Melody () is a 2015 Indian Kannada-language film directed by Srivatsa, starring Rajesh Krishnan, Karthika Menon, Chethan Gandharva and Akshatha Marla in lead roles.

Plot 
Kiran is a software engineer who falls in love with Anu. Since Kiran has no experience with women, his friend Madhu acts as Kiran on Facebook and befriends Anu. A confused Anu tells Kiran's friend Benny "to check on him".

Cast

Rajesh Krishnan as Kiran
Karthika Menon as Anu
Chethan Gandharva as Madhu
Akshatha Marla 
Ramakrishna
Mandya Ramesh
Rockline Sudhakar
Shamanth K Rao

Music

Reception

Critical response 

Shyam Prasad S of Bangalore Mirror scored the film at 3 out of 5 stars and says "Glamour is missing though the film is colourful. The film could also have been a bit crispier. Melody makes for a leisurely laidback watch". S Vishwanath of Deccan Herald wrote "Melody works wonderfully despite its pitfalls.

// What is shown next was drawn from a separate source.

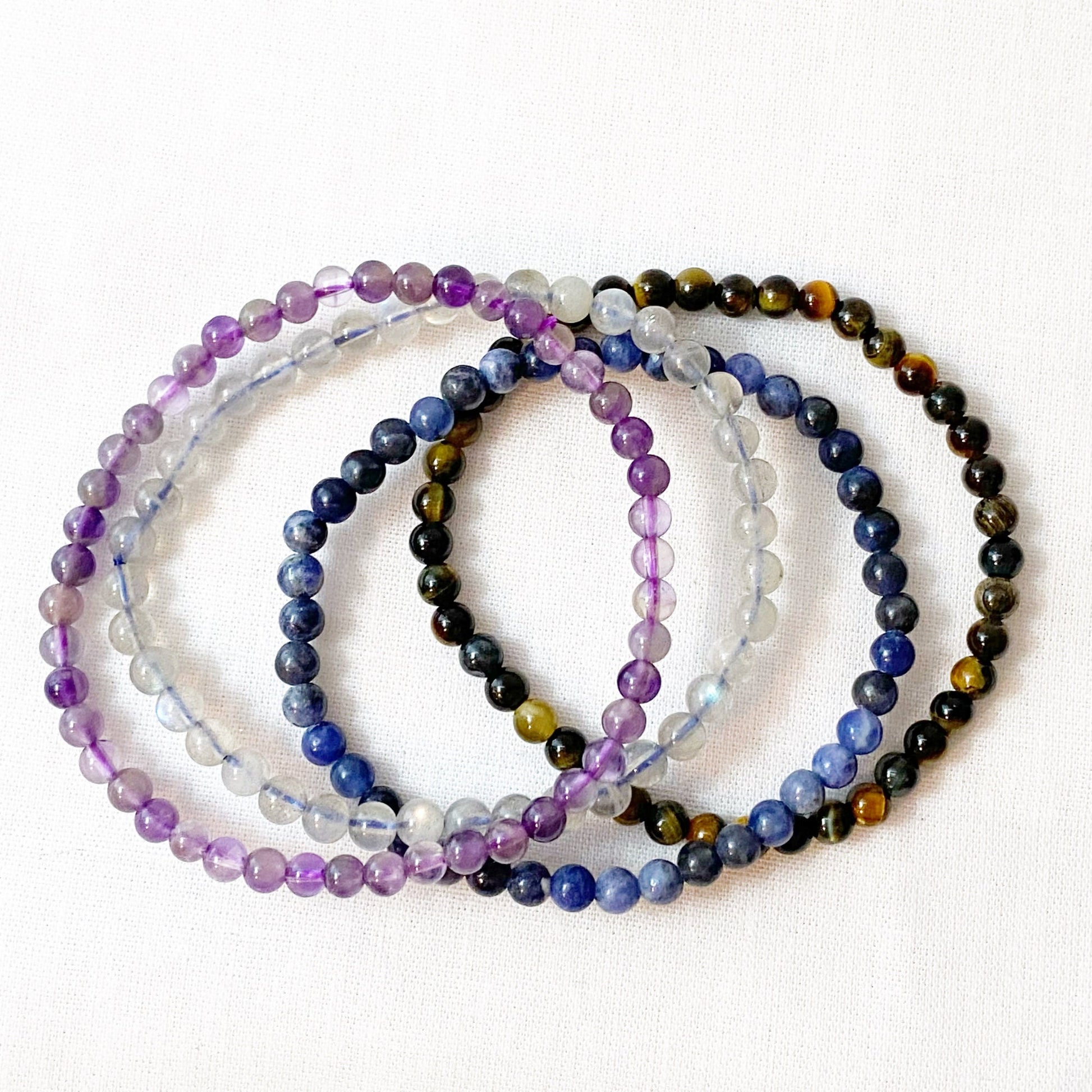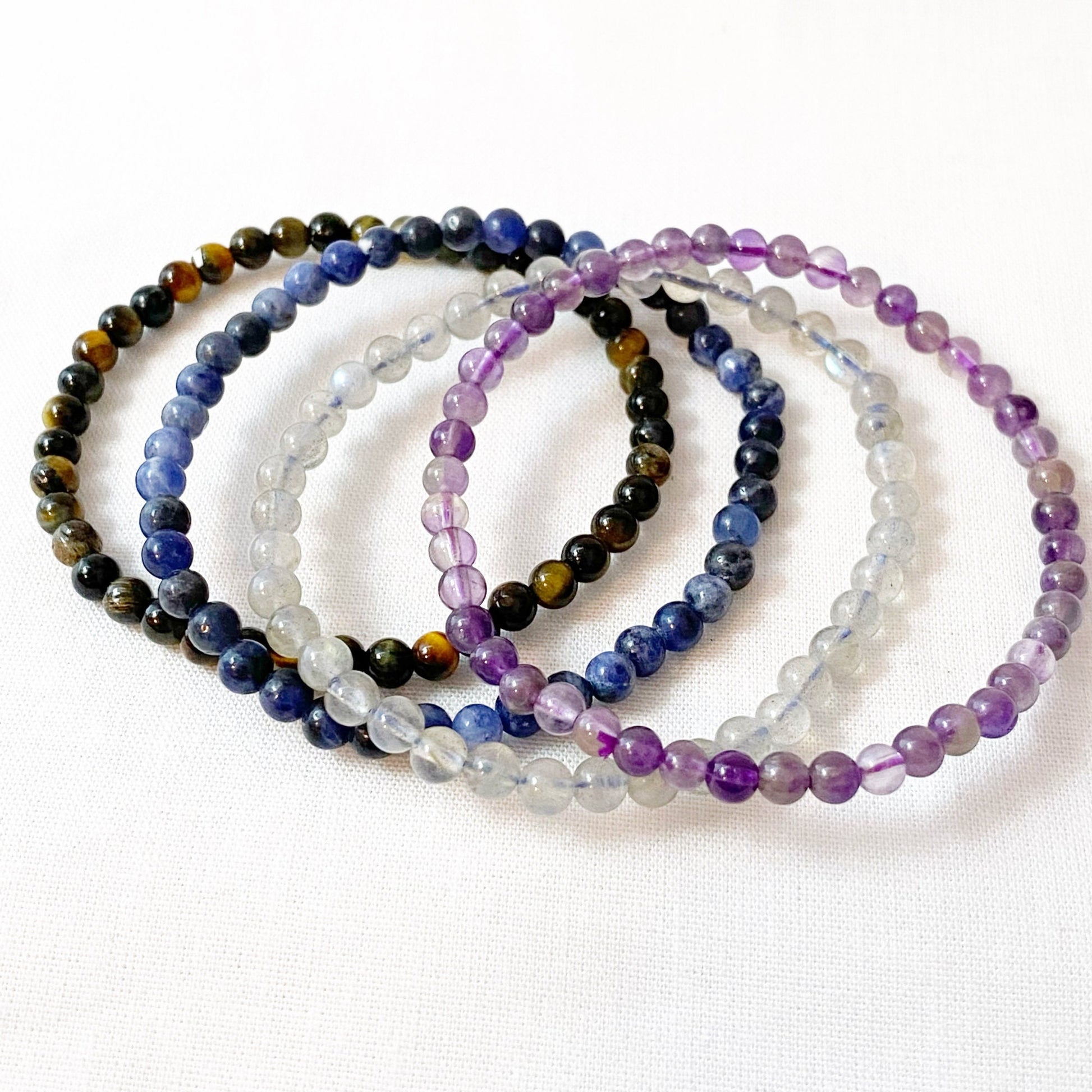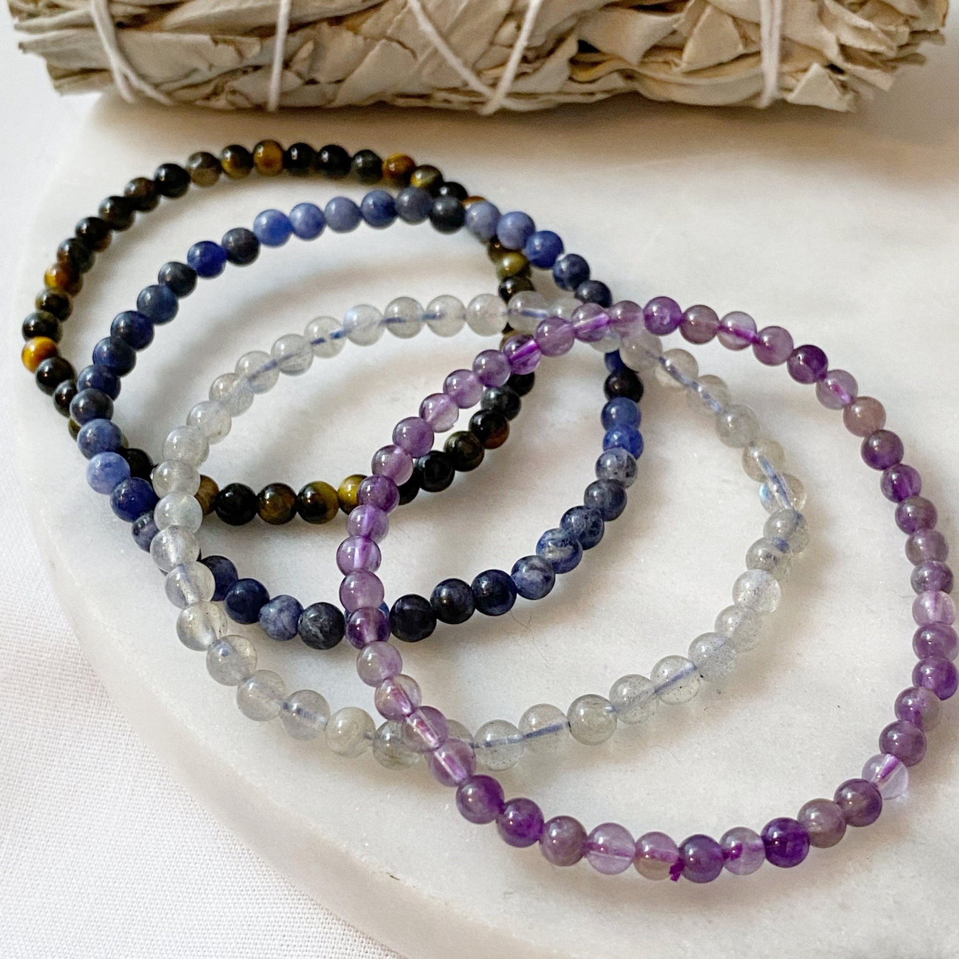 Includes one (1) each of the following gemstone bracelets: Amethyst, Blue Labradorite, Sodalite, and Blue Tiger Eye 4mm bead energy bracelets infused with Usui Reiki energy, love, and light. These fit-size S-M wrists.

Yes, as its tagline says, just love maadi, for it is as much a treat to youth as it is to the entire family". The Times of India scored the film at 3 out of 5 stars and says "Though Rajesh Krishnan and Kartika Menon have done well, it is Chethan Gandharva and Akshatha Marla who steal the show with their lively performance. Camera by RV Nageshwara Rao and music by L N Sastry are average". Sify wrote "The movie also lacks good music and good dialogues. With such award-winning singers on board, the team could have worked hard in upgrading the music of the film. Director Nanjunda Krishna has tried to apply ‘tele-serial formulae’ which has failed miserably!"